Analysis of Post-Construction Settlement of Pile-Supported Geosynthetic-Reinforced Embankment

Pile-supported geosynthetic-reinforced embankments, as effective foundation improvements, are being used increasingly often in the construction of highway and railway engineering at present. The geosynthetic-reinforced load transfer platform in the horizontal direction was simulated to the thin plate, and then the differential equation of the curved surface and the nonlinear foundation model were used to solve the analytical expression of the post-construction settlement of the reinforced area, and the engineering example was used to verify it. Furthermore, a finite element model was developed to simulate the settlement. The analysis utilized a static general step and incorporated a linear elastic–perfectly plastic model with the Mohr–Coulomb failure criterion.
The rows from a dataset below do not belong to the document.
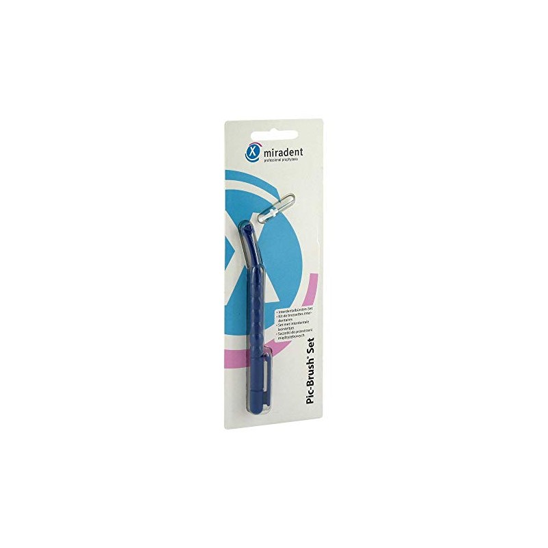 miradent Pic-Brush® Set Interdental Brush Holder Blue with 1 Brush | Conical Insertion Connector for Secure Hold | Ergonomic Handle | Ultra Fine Bristles | Also for Cleaning Brackets & Bridges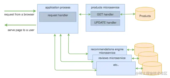 当用户的请求来自浏览器时,它将由 Web 应用程序(Linux 或 Windows 进程)提供服务。通常,被调用的应用程序代码片段称为请求处理程序。处理程序内部的逻辑将依次多次调用数据库,获取呈现页面所需的信息并将其拼接在一起,然后呈现返回给用户的网页。很简单吧?事实上,许多 Ruby on Rails 书籍都有类似这样的教程和示例。那么,你可能会问,为什么要把事情复杂化?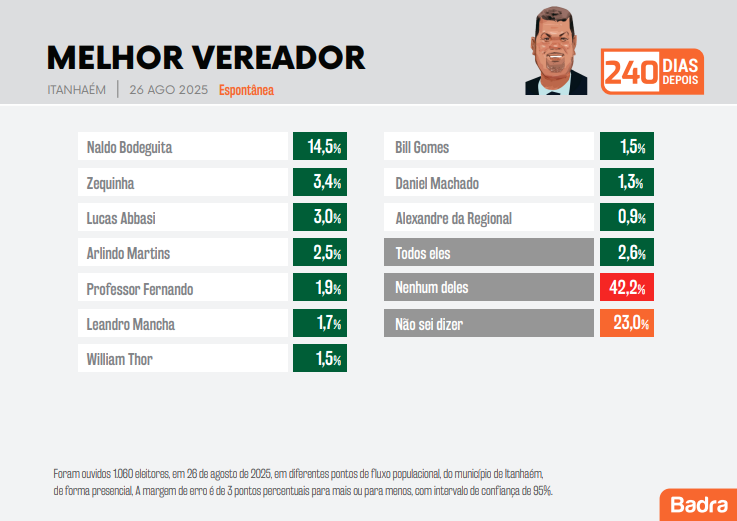 Além dos questionamentos em relação a gestão do prefeito, também foram questionados os melhores vereadores da cidade, confira abaixo: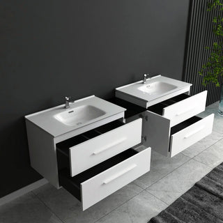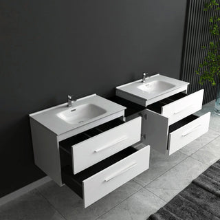 Meuble-Lavabo Mural 72po Blanc Mat avec Comptoir de Céramique Blanc
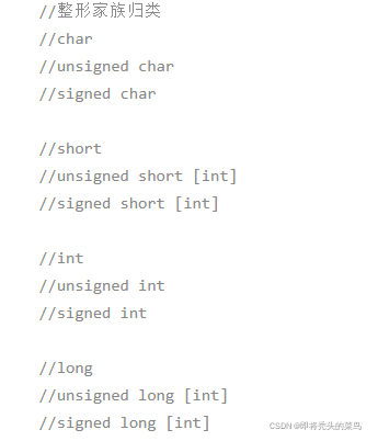 前言hello大家好,我是离秃头又进了一步的那个菜鸟,此次我将深入浅出的给大家讲一下数据在内存中的存储 重点1. 数据类型详细介绍 一、数据类型详细介绍类型的基本归类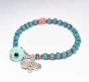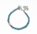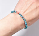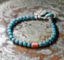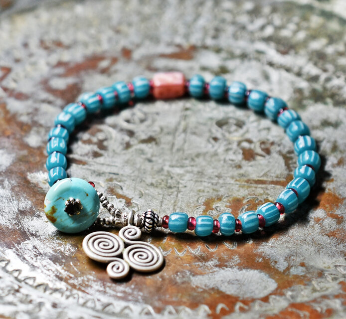 ストライプジャワビーズと金赤ビーズ、ピンクダイスビーズ、カレンシルバーのブレス(ターコイズ留め金)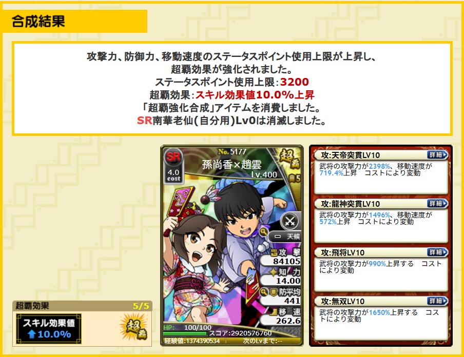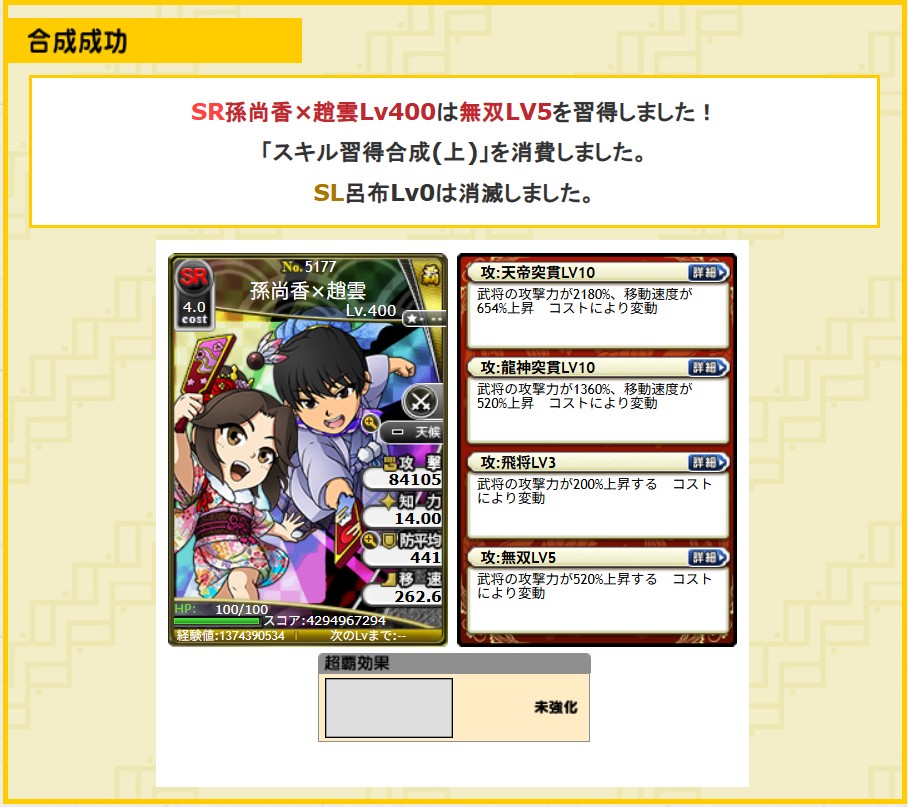 まあ、無双を付与できるSL呂布を期限内に破くの忘れてBP+にできなくなったので、その使い道として白羽の矢が立っただけなんですけどね。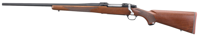 Ruger Hawkeye in 30-06 Springfield with a 22" satin blued alloy steel barrel and bolt-action. Features an integral scope mount, American walnut fixed stock, and 4+1 capacity. Left-hand configuration; weighs 7.5 lbs with an overall length of 42.75".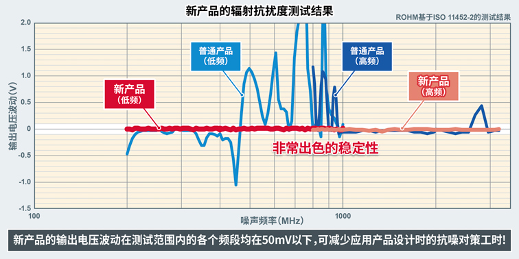不仅如此,新产品还具有出色的抗干扰能力,在 ISO 11452-2辐射抗扰度测试(用来评估抗干扰能力的国际标准)中,在测试范围内的各个频段,输出电压波动量均在50mV以下(±1%以内),因此可以减少应用产品设计时的抗噪对策工时。

The numerical result of 19.7 mm was consistent with the theoretical prediction of 20.1 mm, demonstrating a mere 2.0% relative error and substantiating the validity and accuracy of the theoretical model. The analysis examined how bending stiffness, the subgrade reaction coefficient, pile spacing, and embankment height affect post-construction settlement. The results demonstrate that the settlement increases with larger pile spacings or lower values of the subgrade reaction coefficient and bending stiffness. Notably, the settlement increases with embankment height only until a critical height—calculated from the bearing capacity of the inter-pile soil—is exceeded. Based on this, it was found that the subgrade reaction coefficient was identified as the most influential parameter, followed by pile spacing and then bending stiffness. These findings lead to practical recommendations for engineering practice.